Reinforcement Learning and Fine-Tuning have historically been treated as separate solutions to separate problems. However, DeepSeek-R1-Zero demonstrated that pure reinforcement learning could be used in place of supervised fine-tuning to achieve domain and task specialization with near state-of-the-art performance.

Reinforcement Fine-Tuning (RFT) is a new alternative to Supervised Fine-Tuning (SFT) that applies reinforcement learning to supervised tasks, improving model performance on specific tasks and domains. As the method used to fine-tune DeepSeek v3 into DeepSeek-R1-Zero, RFT marks a paradigm shift for the industry, opening up new domains and use cases previously considered incompatible with SFT, and able to achieve meaningful performance gains with as few as a dozen examples.
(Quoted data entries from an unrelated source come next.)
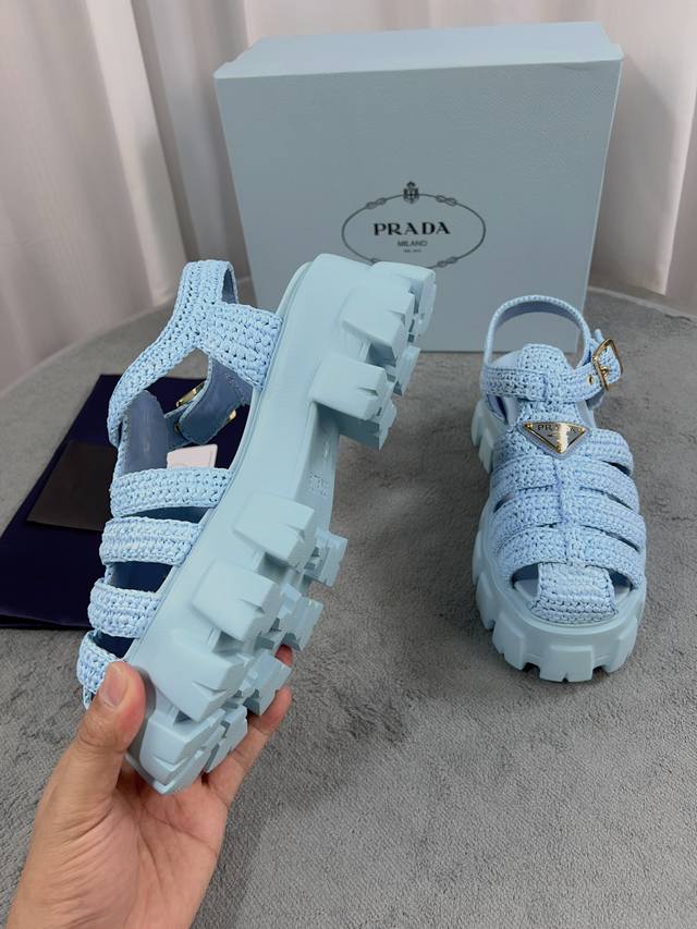 Prada新款编织凉鞋,顶级版本 面:原版定制拉菲草 里:进口小牛皮 底:原版1:1开模橡胶发泡底 跟高:6Cm 标志性的金属三角标 Size:35-40 41定做
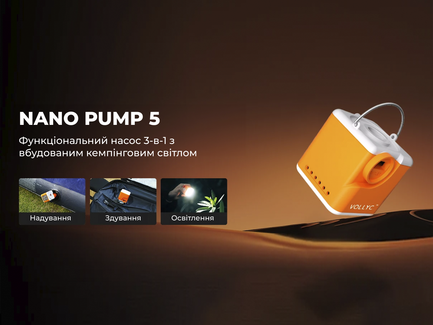 Vollyc Ezy Pump миттєво готує спорядження до використання. Акумуляторний насос качає повітря зі швидкістю 200 л/хв, тому він легко справляється з великими матрацами, подушками чи водними іграшками замість важких ручних помп.
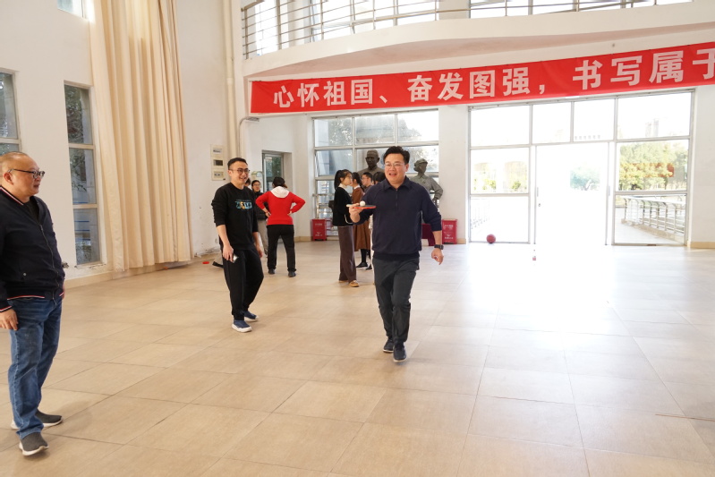 为营造活泼向上的校园文化生活,增强教职工的身体素质,增加教职工之间的情谊交流,提升团队凝聚力与向心力,御书屋 工会于2025年12月10日下午在艺术楼大厅开展音乐学院2025年“和谐杯”教职工趣味运动会。活动由党委副书记曾思宏主持,学院全体教职工共同参与。
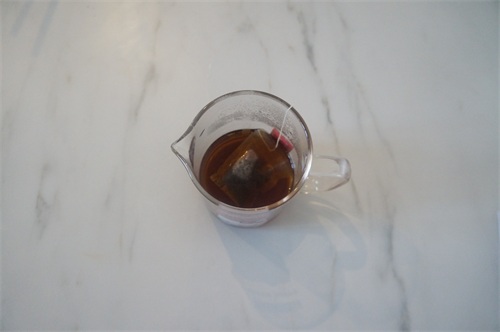 先用热水把红茶茶包浸泡几分钟,茶水颜色变深后取出茶包,茶水晾凉备用。

Does this mean SFT is dead? Long live RFT? Well, not exactly…

From our team’s testing over the past month, we’ve identified three sufficient conditions for choosing RFT over SFT for fine-tuning:

1. You don’t have labeled data, but you can verify the correctness of the output (e.g., transpiling source code).
2. You do have some labeled data, but not much (rule of thumb: less than 100 labeled examples).
3. Task performance improves significantly when you apply chain-of-thought (CoT) reasoning at inference time.
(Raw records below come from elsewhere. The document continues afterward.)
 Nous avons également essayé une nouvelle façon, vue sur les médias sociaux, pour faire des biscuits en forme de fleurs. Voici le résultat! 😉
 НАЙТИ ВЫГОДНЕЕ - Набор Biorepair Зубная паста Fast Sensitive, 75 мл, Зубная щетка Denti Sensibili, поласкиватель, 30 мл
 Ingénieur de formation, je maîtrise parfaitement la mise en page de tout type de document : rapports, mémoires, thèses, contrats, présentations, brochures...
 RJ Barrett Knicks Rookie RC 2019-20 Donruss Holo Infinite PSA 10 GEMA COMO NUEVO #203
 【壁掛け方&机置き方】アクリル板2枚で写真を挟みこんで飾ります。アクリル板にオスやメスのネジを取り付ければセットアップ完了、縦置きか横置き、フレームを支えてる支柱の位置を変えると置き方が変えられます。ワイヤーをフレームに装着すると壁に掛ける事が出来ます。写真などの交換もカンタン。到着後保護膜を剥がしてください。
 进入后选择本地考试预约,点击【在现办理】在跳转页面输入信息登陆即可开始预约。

In this blog, we’ll explain the key differences between RFT and SFT, and break down how the above factors become the criteria for selecting one approach over the other. We’ll walk through various experiments that show how RFT compares to SFT across a variety tasks and quantities of training data. By the end of the blog, you’ll have a simple framework for deciding whether one method is more suitable than the other for your real world use cases, and actionable next steps for getting started with both RFT and SFT.

Bonus: you can try the RFT LoRA we trained (discussed below) yourself. Find it here on Hugging Face.
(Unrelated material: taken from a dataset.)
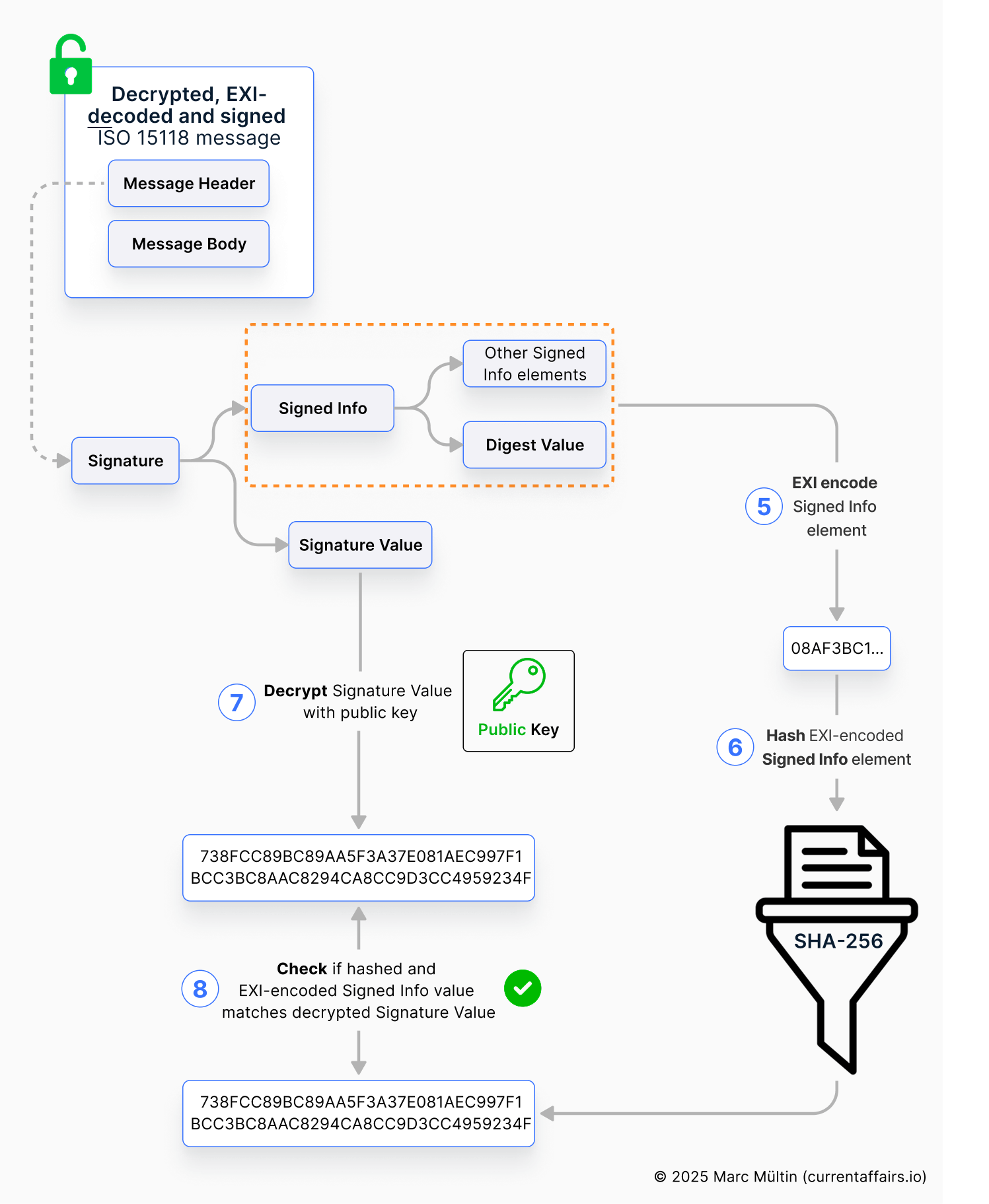 SignedInfois then also hashed using SHA-256, producing yet another hash value that represents theSignedInfodata field.Encrypt hashed and EXI-encoded SignedInfo: Using its private key, the EV will encrypt the hash value of the EXI-encoded

RFT vs SFT: What are the Differences?

By now most of us have tried — or at least heard of — SFT (supervised fine-tuning). The process starts with a labeled training dataset consisting of prompt and completion pairs, and the objective of the training process is to adjust the weights of (or a LoRA adapter wrapping) the base model to more consistently generate output that matches the target completion from the training data. The entire process is an offline learning algorithm, meaning that the dataset is static throughout the fine-tuning run. This limits model performance: the best the model can do is perfectly mimic the training data.

SFT is an offline process in which the model iteratively learns to generate output that matches the ground truth from a static training dataset. Once this process converges, the final (or best) training checkpoint is deployed to production using an inference system like LoRAX.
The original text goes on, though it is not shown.